----- Data shown

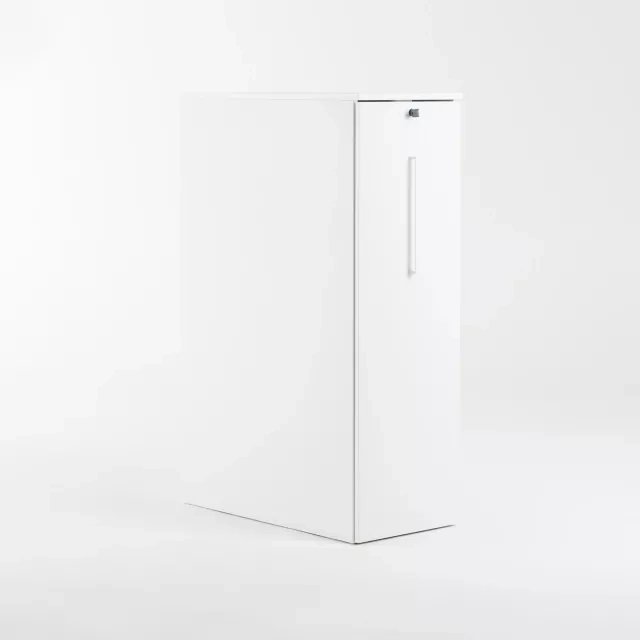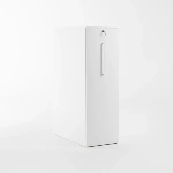 Detta vita towerskåp från Kinnarps är avsett för högerplacering intill ett skrivbord. Den smala, vertikala förvaringen ger snabb åtkomst till mappar och arbetsmaterial utan att ta onödig golvyta. Skåpet lämpar sig för aktivitetsbaserade kontor, projektområden och traditionella arbetsstationer där personlig förvaring behövs nära arbetsytan.
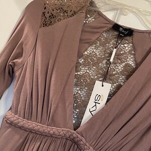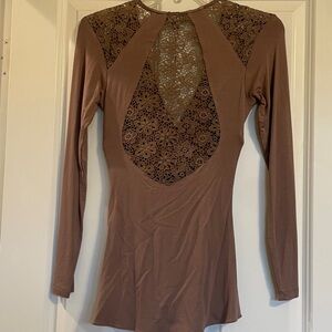 Chic brown top with lace accents. Long sleeves and elegant design.
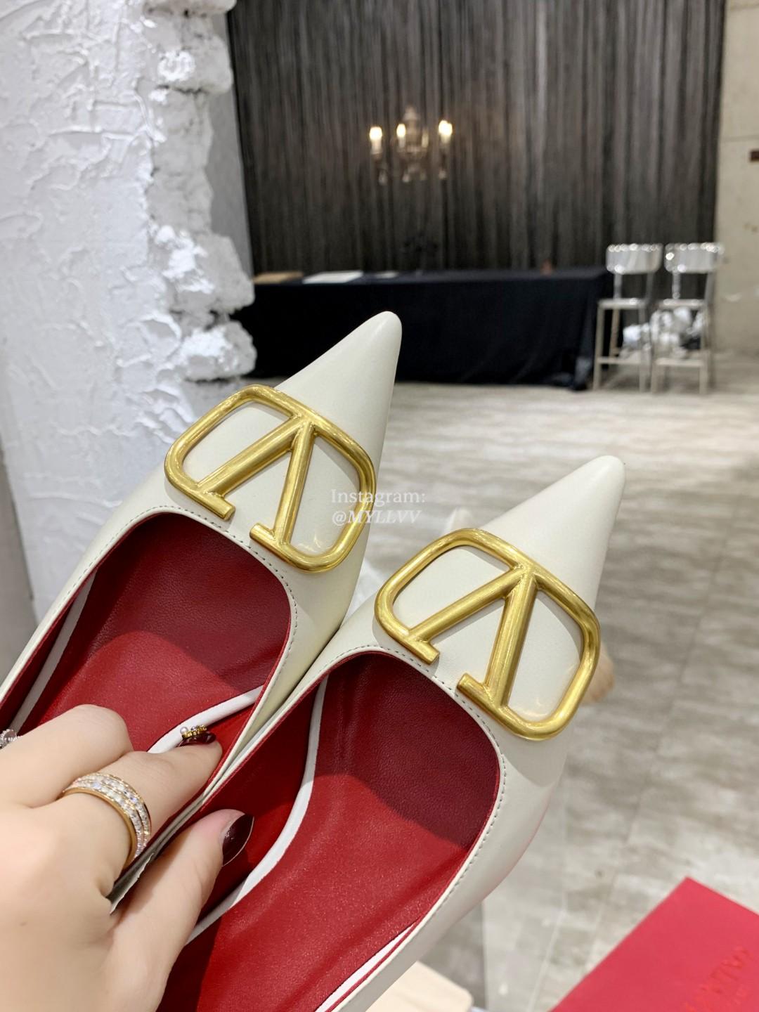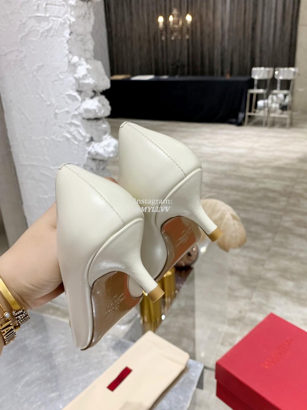 EU Size : 35 – 41Heel Height: 4.5 cm Top Quality Version:MYLLVV » Valentino Gold V Cowhide High Heel Shoe White Red
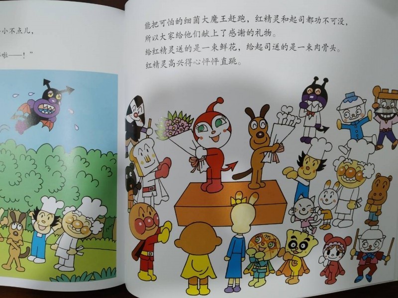 朋友是小朋友生活中很重要的一部分,每一个成长中的孩子都可能为身边的朋友而开心或者苦恼。每个人都渴望有真心的朋友。孩子们和同学们一起学习,一起运动,一起游戏……难免会有一些小矛盾,小摩擦。这时候就需要孩子有是非观念,更要有一颗宽容的心,这样孩子和朋友们才能合睦相处,共同进步,一起成长。在绘本故事中,红精灵要细菌人和面包超人一起对付细菌大魔王,细菌人不愿意,红精灵说:只靠我们俩的力量,肯定要被干掉了。细菌大魔王才是不可原谅的对手呀。最后细菌人还是和面包超人一起去携手对付细菌大魔王。

----------

None of the pictures belong in the copy. Write out exactly the lines from the line that holds "Chic brown top" through the last line of the listing above, both ends included.

- Task response -
 Chic brown top with lace accents. Long sleeves and elegant design.
 EU Size : 35 – 41Heel Height: 4.5 cm Top Quality Version:MYLLVV » Valentino Gold V Cowhide High Heel Shoe White Red
 朋友是小朋友生活中很重要的一部分,每一个成长中的孩子都可能为身边的朋友而开心或者苦恼。每个人都渴望有真心的朋友。孩子们和同学们一起学习,一起运动,一起游戏……难免会有一些小矛盾,小摩擦。这时候就需要孩子有是非观念,更要有一颗宽容的心,这样孩子和朋友们才能合睦相处,共同进步,一起成长。在绘本故事中,红精灵要细菌人和面包超人一起对付细菌大魔王,细菌人不愿意,红精灵说:只靠我们俩的力量,肯定要被干掉了。细菌大魔王才是不可原谅的对手呀。最后细菌人还是和面包超人一起去携手对付细菌大魔王。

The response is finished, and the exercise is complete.